Perhaps this article helps with getting to know the 'new way' of doing things. Don't ask me.

F-35’s performance benefits from BAE Systems integrated structural testing regime

http://www.hbm.com/en/menu/applications ... e-systems/

"...A key aspect of BAE Systems’ approach to the F-35’s structural testing regime was the need to develop improved methods of managing test information. The company wanted to streamline its approach by adopting a new mind-set that challenged previous methods....
&
Static and dynamic tests
"Both fatigue tests and static tests are undertaken by S&DT. Fatigue tests take much longer to complete than static tests and are based on data trending which looks for changes in the structural response over time. These can easily signify the possibility of cracks or other in-service related conditions.

The tests are undertaken by applying various loads to different structural components in an accelerated timeframe to reproduce potential operational damage. Complex PC-based test control and data acquisition systems are used to control how the forces are applied to the different test structures and the responses carefully monitored. Test specimens are usually instrumented with strain gauges enabling real-time recording of strains generated...."
&
Sharing data
"Another challenge was to successfully share test data in a timely manner with multiple sites. These included the BAE Systems’ sites at Brough and Samlesbury along with three Lockheed Martin plants and Northrop Grumman’s El Segundo factory in the USA...."
&
FTI Tests
"Another area in the development of the F-35 where BAE Systems’ expertise is important is in de-risking the Flight Test Instrumentation (FTI) system on the aircraft. This proved especially challenging and required a unique approach. Normally the crucial task of testing the data acquisition system on modern military aircraft is completed using the aircraft’s own FTI system.

In the case of the F-35, however, testing the on-board systems needed to be carefully co-ordinated as the system is fitted at Fort Worth, Texas, USA but the tail sections are built in the UK. This means that BAE Systems at Samlesbury has to power up and function check every fitted transducer and the associated aircraft wiring during building. The approach gives a high level of confidence that the whole system is functioning...."
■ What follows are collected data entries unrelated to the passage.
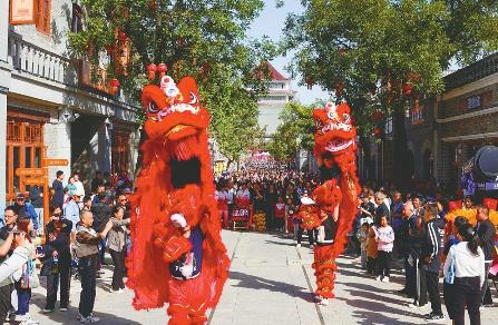 国庆假期以来,邢州古城好南关的舞狮表演吸引大量游客前来拍照游玩。 本报记者 韩文洲摄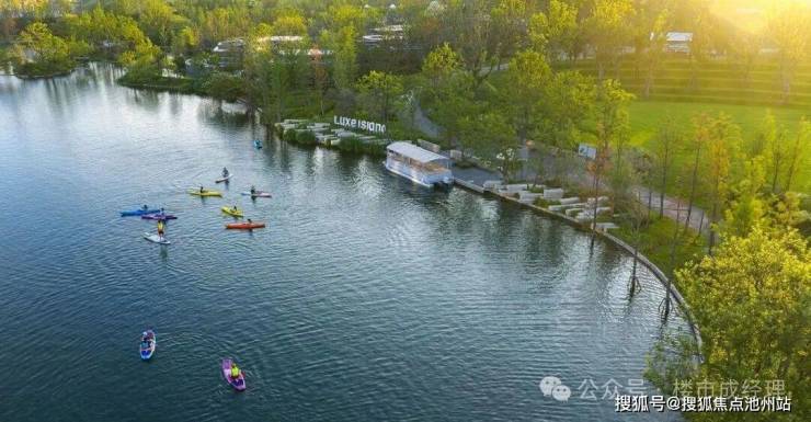三面环水一面瞰江滨水景观带,府河湿地公园、幸福公园、张公堤森林公园、鱼梦科普公园四大公园环绕,自建约3.2公里幸福长堤绿道,距离高端文旅项目-麓洲国际生态城直线仅1.2公里。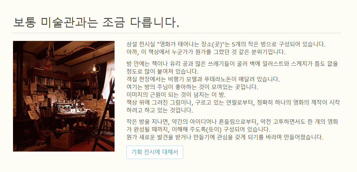 박물관을 돌아다니는 동안 많은 걸음을 걷게 되므로 편안한 신발과 옷을 준비하는 것이 좋습니다. - 미니 시네마 상영 시간 체크

ONLY parts of the long article excerpted here so best to read entirety at URL. Tah.
_____________

CAPTION: "BAE Systems’ structural tests on the F-35 utilise HBM’s equipment to gather data from some 3,800 channels in one of the world’s largest structural DAQ systems."
http://www.hbm.com/typo3temp/pics/d297880d5a.jpg

Structural Test Labs

http://www.lockheedmartin.com/us/aerona ... tlabs.html

"The Structural Test Labs support a wide range of activities that relate to structural testing of full-scale aircraft and large component structures. Our facilities equipment and experience allow us to accommodate large-scale tests with minimum transition time. A number of test frames are available that can be easily modified for many component tests. The lab designs and fabricates unique test frames for large component and full-scale tests. Marietta and Fort Worth facilities have structural test lab capabilities. The Palmdale site also performs testing to support early program development.
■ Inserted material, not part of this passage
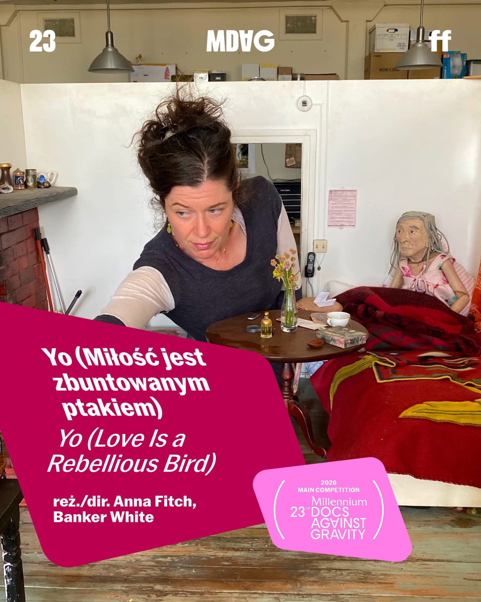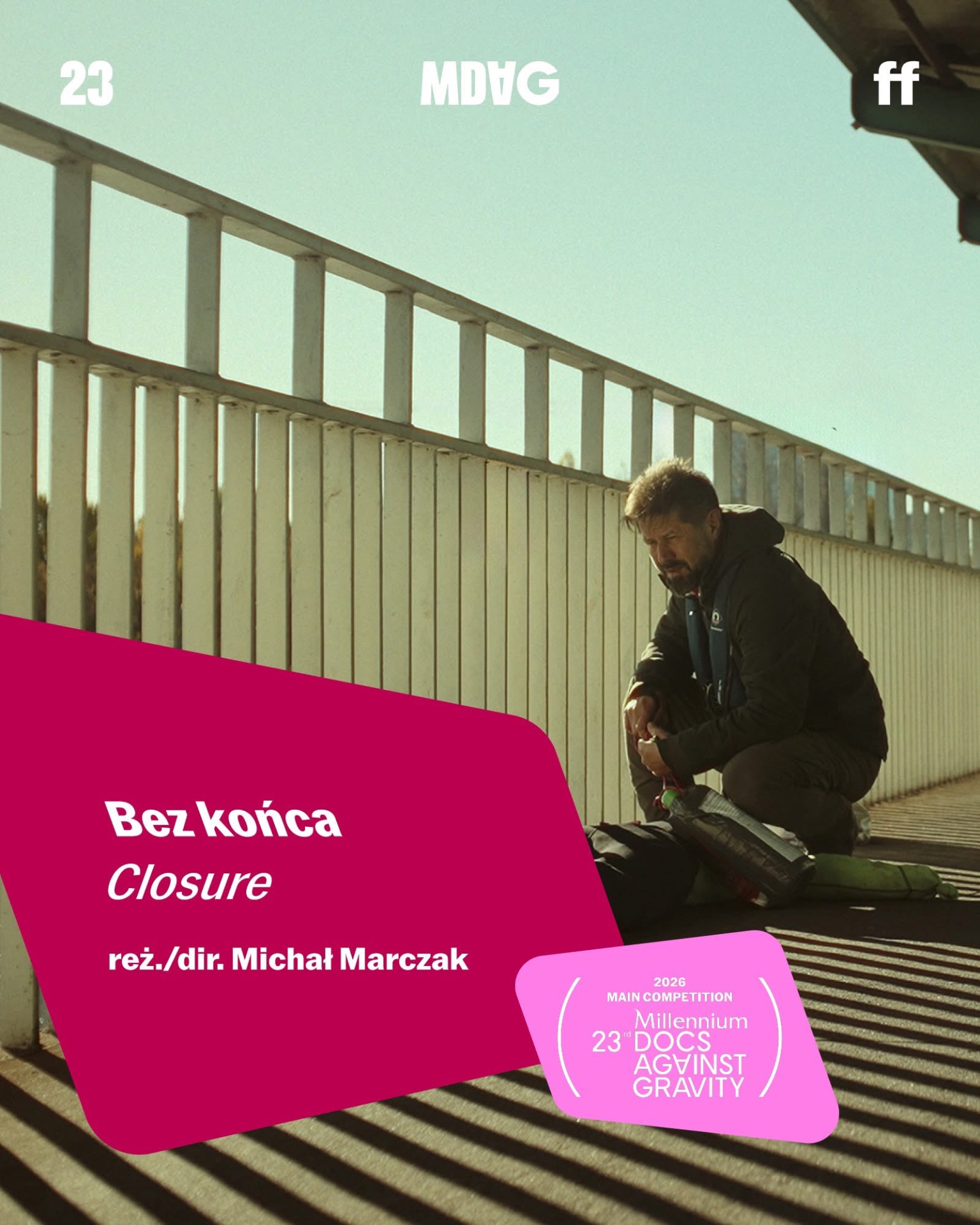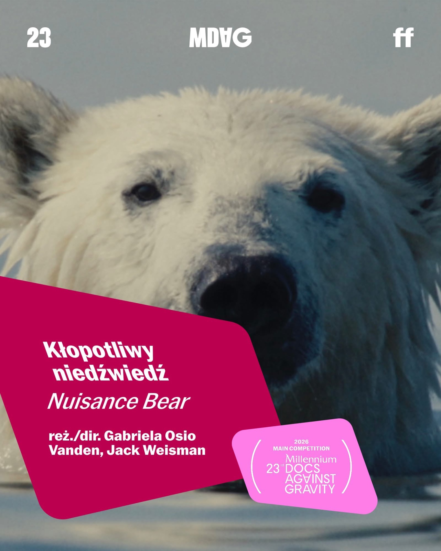 23. Millennium Docs Against Gravity odbędzie się od 8 do 17 maja 2026 roku w Gdyńskim Centrum Filmowym imienia Leszka Kopcia oraz w sześciu miastach (Warszawie, Wrocławiu, Poznaniu, Katowicach, Łodzi oraz Bydgoszczy), a także od 19 maja do 1 czerwca online na mdag.pl!

A variety of full-scale and component tests are conducted in the structural test labs:

• Full-Scale Component and Airframe Static and Durability Testing

• Aircraft and Component Calibration

• Mass Properties/Moment of Inertia"

quicksilver wrote:

JW, I think you are making the assumption that static test loads have never been verified in, and adjusted by, flight test loads subsequent to the static testing to 150 DLL. While easy to infer from the article, static testing to 150 DLL did not really complete static testing, it merely verified the accuracy of the analytical load predictions prior to the beginning of loads flight testing (where an incremental approach similar to what you suggested near the top was followed). If the static testing was really "complete" at the date you suggested, what were they doing for the other 2+ years the article was in the test rig? Similarly the STOVL static article completed 150 DLL testing in late 2009, but has remained in the rig since; same for CV.

To begin with, the static test article is now in Fort Worth. I don't think it was magically teleported there from the UK in an eyeblink. Obviously the 170 load cylinders had to be removed, the whiffle tree system (thousands of components) had to be removed, the load application pads (thousands) had to be removed, the instrumentation system had to be removed, the instrumentation wiring removed, and the airplane removed from the rig. Then the airplane had to be inspected for damage and prepared for shipping, then trucked to a UK port and loaded onboard. Then shipped to some US port (I assume by ship), then unloaded and trucked to Fort Worth. Alternately it may have been disassembled and loaded in a rather large airplane and flown to FW.

How long did that take? Beats me. I simply believed the test completion date as trumpeted by BAE, June 9, 2010. If, as you say, additional static test loads were applied after flight test data was available, then BAE and LM were less than truthful about ST completion, weren't they?

Now can you explain to me how applying un-verified test loads somehow verifies the accuracy of analytical design loads? That test verifies the strength as at least 150% of the un-verified loads and checks the accuracy of stress analysis, that's all.

johnwill wrote:

To begin with, the static test article is now in Fort Worth.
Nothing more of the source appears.